Personal information
- Nickname: V12
- Born: Simpiwe Vetyeka 24 December 1980 (age 45) Mdantsane, South Africa
- Height: 170 cm (5 ft 7 in)
- Weight: Bantamweight; Super bantamweight; Featherweight; Lightweight;

Boxing career
- Reach: 171 cm (67 in)
- Stance: Orthodox

Boxing record
- Total fights: 34
- Wins: 30
- Win by KO: 18
- Losses: 4

= Simpiwe Vetyeka =

South African boxer

Simpiwe Vetyeka (born 24 December 1980) is a South African professional boxer. He is a former WBA (Undisputed) and IBO featherweight champion, as well as a former IBO super bantamweight champion.

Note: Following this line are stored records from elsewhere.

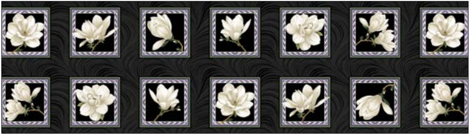
3616-07 • MAGNOLIA BLOOMS BLOCKS • CREAM/BLACK
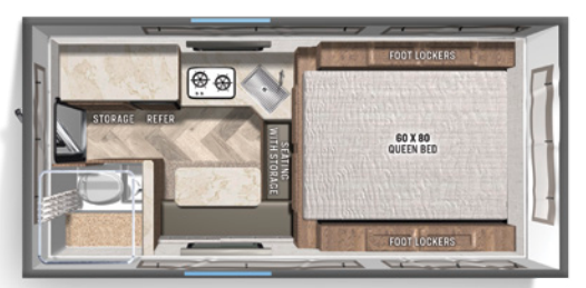
1/2 TON TRUCK 6'6" BED W/OVERHANG
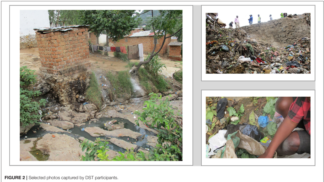
FIGURE 2 | Selected photos captured by DST participants.

Participants focused their digital stories on Water, Sanitation and Hygiene problems rather than other health issues or experiences of community engagement as intended by the researchers. On the other hand, participants raised concerns pertaining to their safety that could impact on processes and outcomes of community-based DST projects.
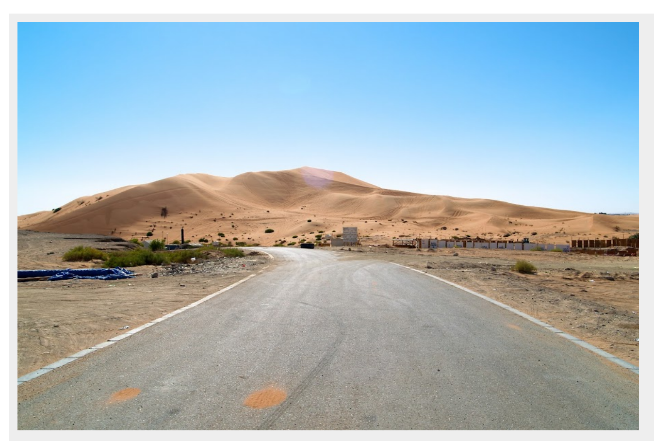
The starting point: an easily-accessible large sand dune on the western outskirts of Al Ain, in the district of Zakher, known to some expats as Devil's Plunge.
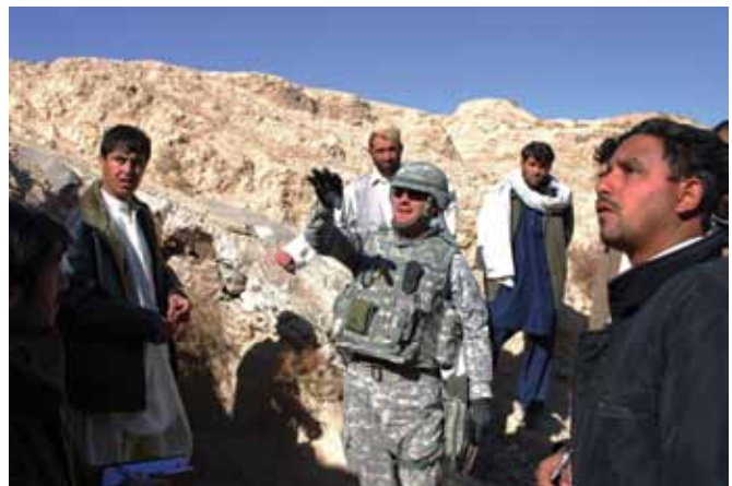
Provincial Reconstruction Team at erosion-control project near Qalat, Afghanistan (U.S. Air Force photo, Dec. 2010).

The contracting flexibilities allowed by law, including exemptions from most competition requirements, are useful at the onset of a contingency. However, as the contingency-contracting environment matures, agencies should introduce more competitive practices. Competitive approaches would include looking for opportunities to transition to fixed-price contract types that will broaden the pool of qualified contractors and ensure more equitably balanced risks.
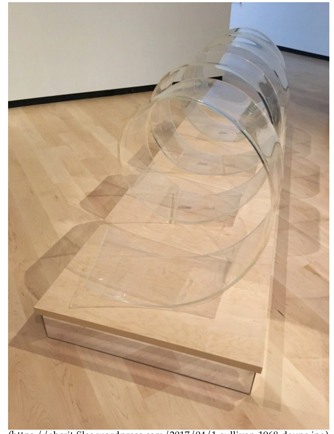
(https://abcrit.files.wordpress.com/2017/04/1-sullivan-1968-deune.jpg) Françoise Sullivan, "De une (Of One)", 1968-69, plexiglass, 72.5 x 278 x 74 cm; Musée national des beaux-arts du Québec

In the 1940s and early 1950s, Montreal was the pre-eminent centre for advanced art in Canada. The most important group there, Les Automatistes , emerged parallel to the Abstract Expressionists, although they were more inter-disciplinary and more political than their New York contemporaries. Think of their provocative and influential manifesto, Refus global (1948), which is often credited with furthering Quebec's advance into the more modern era of the "Quiet Revolution." While their leading figure, Paul-Emile Borduas, exiled himself to New York in 1953 and then Paris in 1955, where he died prematurely in 1960, several titans of Les Automatistes continued to re-invent themselves for a surprisingly long time, most notably Pierre Gauvreau (1922-2011), Marcel Barbeau (1925-2016) and Francoise Sullivan (1925-). The vitality of Sullivan's current work is a striking reminder of the importance of this still underappreciated movement.
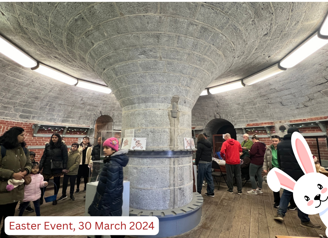
Easter Event, 30 March 2024
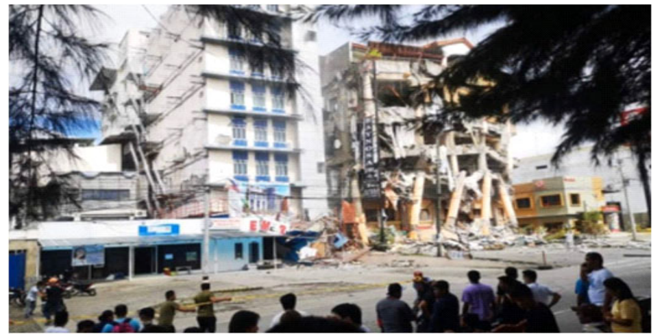
ANOTHER QUAKE. Photo shows a nearly collapsed building in Kidapawan City after a 6.5 magnitude earthquake rocked Cotabato anew on Thursday morning (Oct. 31, 2019). Malacañang assured the government is on top of the situation.

Presidential Security Group (PSG) BGen. Jose Eriel Nembra said the President and his family did not evacuate from their house but the

Vetyeka's career came to an end after he broke both his legs in a car accident in 2018.

==Professional career==

===Vetyeka vs. John===
Vetyeka won the WBA Super World featherweight title by defeating Chris John on 6 December 2013, when John retired on his stool after the sixth of twelve rounds. Vetyeka's IBO featherweight title was also on the line. It was John's first professional loss and brought his ten-year WBA title reign to an end, sending him into retirement.

===Vetyeka vs. Donaire===
Vetyeka fought Filipino Nonito Donaire for the WBA (Super) featherweight title on 31 May 2014 at The Venetian Macao Hotel & Resort's Cotai Arena in Macau of the Special administrative regions in China. Vetyeka was dropped by Donaire in the fourth round after landing his signature left hook. The fight was stopped seconds after the bell for the fifth round rang due to a cut on Donaire's left eye from an accidental headbutt. Vetyeka lost the bout via unanimous technical decision.

=== Vetyeka vs. Reyes ===
On 12 December 2014, Vetyeka faced Arturo Santos Reyes. Vetyeka won the fight via unanimous decision, with the judges scoring it 120–108, 119-111 and 118–112 in favor of Vetyeka.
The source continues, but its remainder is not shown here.